WHAT THIS TASK INVOLVES
Give back the listing in full and exactly, leaving out the images.

DATA BLOCK
+ + + + + + +
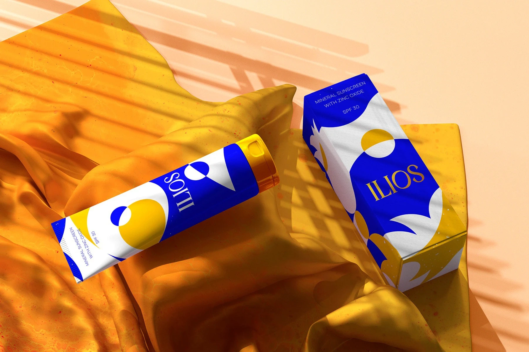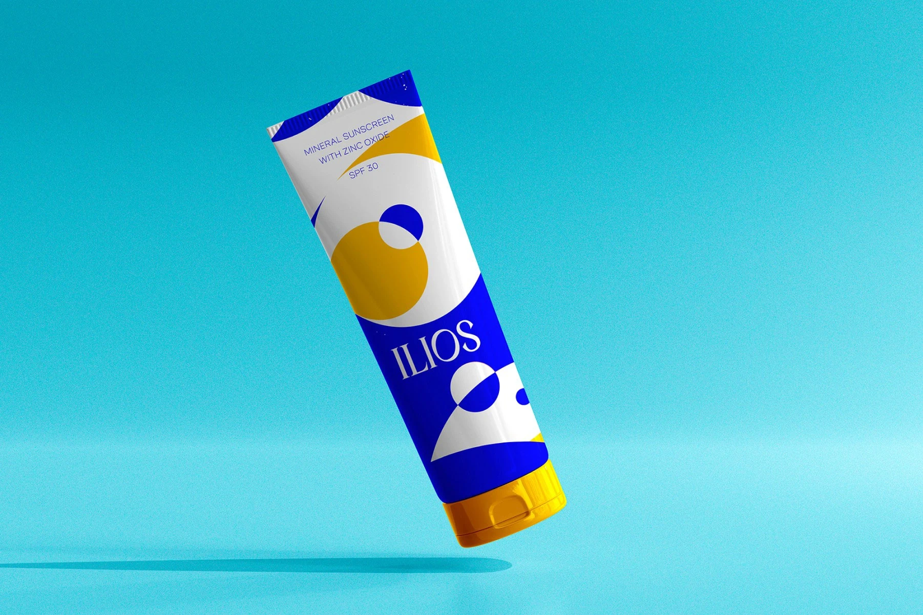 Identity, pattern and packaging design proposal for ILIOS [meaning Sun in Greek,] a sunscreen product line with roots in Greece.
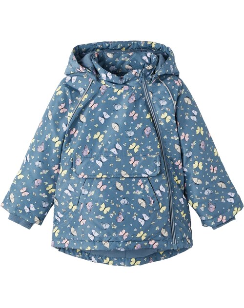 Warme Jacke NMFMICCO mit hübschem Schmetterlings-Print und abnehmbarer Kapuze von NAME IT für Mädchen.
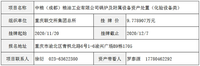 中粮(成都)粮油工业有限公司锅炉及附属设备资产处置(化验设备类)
+ + + + + + +
EXERCISE OUTPUT
 Identity, pattern and packaging design proposal for ILIOS [meaning Sun in Greek,] a sunscreen product line with roots in Greece.
 Warme Jacke NMFMICCO mit hübschem Schmetterlings-Print und abnehmbarer Kapuze von NAME IT für Mädchen.
 中粮(成都)粮油工业有限公司锅炉及附属设备资产处置(化验设备类)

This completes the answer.